PA skull (Figure 2) shows craniofacial synostosis with copper beaten skull appearance indicating remodeling of brain due to increased intracranial pressure due to fused sutures.
Discussion
Crouzon syndrome is the second most common craniosynostosis syndrome and a relatively rare disease.8 Family history is a significant factor because of the autosomal inheritance pattern. The clinical diagnosis of Crouzon syndrome is aided by the worsening of facial deformities during the first two years of life. For the clinical diagnosis, the remainder of a newborn's medical history is less significant. An infant with Crouzon syndrome may present in a variety of ways, ranging from mild forms with midfacial weakness to severe forms with prominent midfacial and ocular abnormalities and multiple fused cranial sutures. These kids rarely have intellectual disabilities, and upper airway obstruction may be the source of their respiratory distress.9 If treatment is not received for increased intracranial pressure, optic atrophy can result in blindness.
Treatment of Crouzon syndrome requires a multidisciplinary approach and early diagnosis is important. Releasing cranial synostotic sutures is preferred during the first year of life to allow for adequate cranial volume and to support brain growth and expansion. To achieve the best possible results, skull reshaping may need to be repeated as the child grows.10 If necessary, midfacial advancement and jaw surgery can be performed to provide adequate orbital volume and reduce exophthalmoses to correct the occlusion to an appropriate functional position, thus providing a more normal appearance. In this case, the patient was diagnosed with Crouzon syndrome. Maxillary hypoplasia (cup face deformity), hypertelorism, and exophthalmos were noted on extraoral examination (Figure 1a). The patient also had turricephaly/oxycephaly/rook head, saddle nose deformity, parrot beak, and mandibular prognathism (Figure 1b). Intraoral examination revealed a high arched palate, crowding of teeth, clinically absent 15.25, and anterior and posterior crossbite (Figure 1c).
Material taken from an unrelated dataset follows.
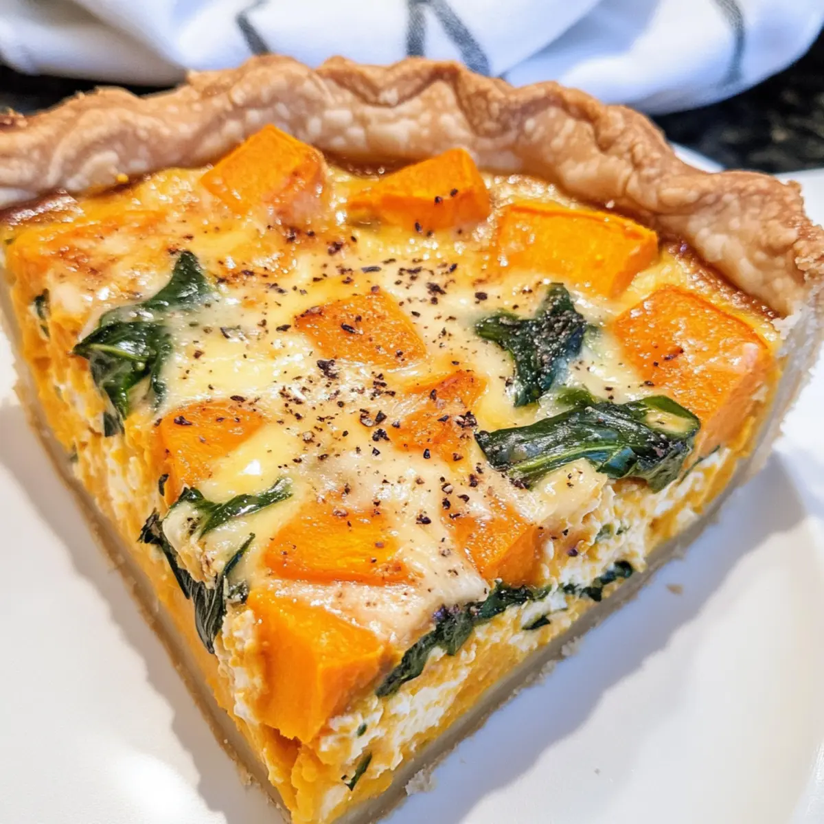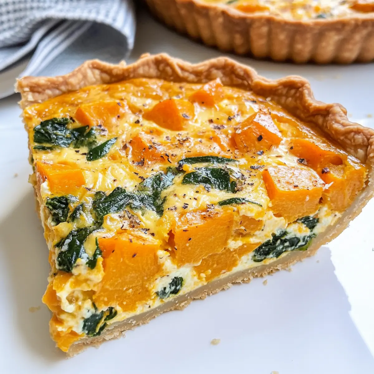 „Konnte das wirklich so einfach sein?“ fragte ich mich, während ich die frischen, bunten Zutaten für meine Süßkartoffel-Quiche schnitt. Dieser herzhafte Auflauf kombiniert zarte Süßkartoffeln und knackigen Spinat in einer goldbraunen Kruste – perfekt für ein entspanntes Brunch oder ein gemütliches Abendessen. Die Süßkartoffel-Quiche ist nicht nur leicht zuzubereiten, sondern auch unglaublich anpassbar: Füge saisonales Gemüse hinzu, um neue Geschmackserlebnisse zu kreieren. Dieses Rezept ist ein wahrer Publikumsmagnet und bereitet Freude auf dem Tisch, ganz ohne kulinarische Hochleistungen. Neugierig, wie einfach der Prozess ist? Lass uns gleich loslegen! Warum ist diese Quiche so besonders? Einfachheit: Die Zubereitung dieser Süßkartoffel-Quiche ist spielend leicht – auch für Anfänger in der Küche! Einfach die Zutaten zusammenstellen und genießen. Anpassungsfähig: Diese Quiche ermutigt dich, kreativ zu sein! Experimentiere mit verschiedenen saisonalen Gemüsesorten oder passe die Gewürze nach deinem Geschmack an. Reichhaltiger Geschmack: Die Kombination aus süßen, gebackenen Süßkartoffeln und herzhaftem Käse sorgt für ein geschmackliches Erlebnis, das alle begeistert. Perfekte Konsistenz: Der leicht cremige Füllung harmoniert fantastisch mit der knackigen Kruste, was für jeden Bissen Freude bereitet. Gesundheitlich wertvoll: Diese Quiche ist nicht nur lecker, sondern auch nahrhaft, reich an Vitamin A und eine großartige Proteinquelle – ideal für ein leichtes Mittagessen oder Brunch. Süßkartoffel-Quiche Zutaten • Wenn du bereit bist, diese köstliche Süßkartoffel-Quiche zuzubereiten, hier sind die Zutaten, die du benötigst: Für die Füllung Süßkartoffeln – geben der Quiche ihren Hauptgeschmack und eine wundervolle Textur. Substitution: Stattdessen kannst du auch Butternut-Kürbis oder Zucchini verwenden. Frischer Spinat – sorgt für Farbe und eine Extraportion Nährstoffe. Hinweis: Kann durch Grünkohl ersetzt oder weggelassen werden, wenn eine dichte Füllung gewünscht ist. Olivenöl – wird verwendet, um das Gemüse anzubraten und Geschmack hinzuzufügen. Substitution: Butter oder ein neutrales Öl sind ebenfalls geeignet. Tiefkühl-Pie- oder Blätterteig – dient als Basis für die Quiche. Hinweis: Vorgefertigte Teige sparen Zeit; du kannst aber auch selbstgemachten verwenden. Vollmilch – hilft der Füllung beim Festwerden. Substitution: Pflanzliche Alternativen wie Mandelmilch sind möglich, aber die Konsistenz könnte variieren. Große Eier – verleihen der Füllung Struktur und Reichhaltigkeit. Hinweis: Unverzichtbar, ein Ersatz würde die Textur stark beeinträchtigen. Geriebener Gruyère-Käse – fügt Cremigkeit und Geschmack hinzu. Substitution: Kann durch einen reifen Cheddar ersetzt oder ganz weggelassen werden für eine vegane Version. Geriebener Parmesan (optional) – verstärkt den Umami-Geschmack. Hinweis: Für eine strenge vegetarische Ernährung weglassen. Knoblauch (frisch oder Pulver) – verleiht der Quiche zusätzliche Tiefe im Geschmack. Hinweis: Optional, je nach Vorliebe. Salz und schwarzer Pfeffer – unverzichtbare Gewürze zur Geschmacksverbesserung. Rauchiger Paprika – sorgt für einen warmen, rauchigen Geschmack. Substitution: Verwende normalen Paprika, wenn es weniger scharf sein soll. Getrockneter Thymian, Rosmarin und Salbei – bieten herzhafte Noten. Hinweis: Italienische Kräutermischung kann ebenfalls verwendet werden. Viel Spaß beim Kochen und Experimentieren mit dieser köstlichen Süßkartoffel-Quiche! Schritt-für-Schritt-Anleitung für die Süßkartoffel-Quiche Step 1: Gemüse anbraten Erhitze in einer Pfanne Olivenöl bei mittlerer Hitze. Gib die gewürfelten Süßkartoffeln hinzu, würze sie mit Salz und lasse sie abgedeckt für etwa 15 Minuten garen, bis sie zart sind. Rühre gelegentlich um, damit sie gleichmäßig gegart werden. Übertrage die gekochten Süßkartoffeln in eine Schüssel und lasse den Spinat in der gleichen Pfanne kurz zusammenfallen, bevor du ihn zu den Süßkartoffeln gibst. Step 2: Ofen vorheizen Heize deinen Ofen auf 190°C (375°F) vor. Während der Ofen aufheizt, rolle den kurzen Teig in einer gefetteten 25 cm (10 Zoll) Quiche- oder Pie-Form aus. Achte darauf, dass der Teig gleichmäßig in der Form verteilt ist und die Ränder gut anliegen. Die Vorbereitung des Teigs ist entscheidend für die Basis deiner köstlichen Süßkartoffel-Quiche. Step 3: Füllung zubereiten In einer großen Schüssel verquirlst du die Vollmilch, die Eier, getrocknete Kräuter, Rauchpaprika, Knoblauch, Salz und Pfeffer. Vergewissere dich, dass alles gut vermischt ist, damit die Aromen gleichmäßig verteilt sind. Diese Mischung wird die cremige Basis deiner Süßkartoffel-Quiche bilden und verleiht ihr den reichen Geschmack, den alle lieben werden. Step 4: Quiche zusammenstellen Platziere die Süßkartoffeln und den Spinat gleichmäßig auf dem Teigboden. Streue den geriebenen Gruyère-Käse darüber und gieße die vorbereitete Eier-Milch-Mischung vorsichtig darauf. Achte darauf, die Füllung nicht über den Rand des Teigs hinaus zu füllen, damit sie beim Backen nicht überläuft und du eine schöne, goldbraune Oberfläche erhältst. Step 5: Backen Backe die Süßkartoffel-Quiche für 30-35 Minuten im vorgeheizten Ofen. Die Quiche ist fertig, wenn die Oberfläche goldbraun ist und die Füllung leicht wackelt, aber nicht mehr flüssig ist. Lass die Quiche nach dem Backen für 10-15 Minuten abkühlen, damit sich die Aromen setzen und die Füllung stabiler wird, bevor du sie in Stücke schneidest und servierst. Was passt gut zur Süßkartoffel-Quiche? Die perfekte Ergänzung zu einem köstlichen Brunch kann so einfach sein und deine Geschmacksknospen erfreuen. Frischer Gartensalat: Ein leichter, knackiger Salat mit saisonalen Gemüsen sorgt für frische Akzente und harmoniert wunderbar mit der herzhafter Quiche. Cremige Avocado-Toast: Das cremige, buttrige Gefühl der Avocado zusamm

The PA skull (Figure 2) shows craniofacial synostosis with copper-beaten skull appearance, indicating brain remodeling due to increased intracranial pressure caused by bonded sutures.
Conclusion
Because Crouzon syndrome causes facial expression impairment and other complications like breathing issues, aspiration pneumonia, vision problems, and mental retardation, it is important to treat it as soon as possible. These patients have the potential to be useful and contributing members of society given the right care. Comprehending these irregularities is imperative for the dental team to ensure that the patient receives the best care possible and to make the appropriate referrals.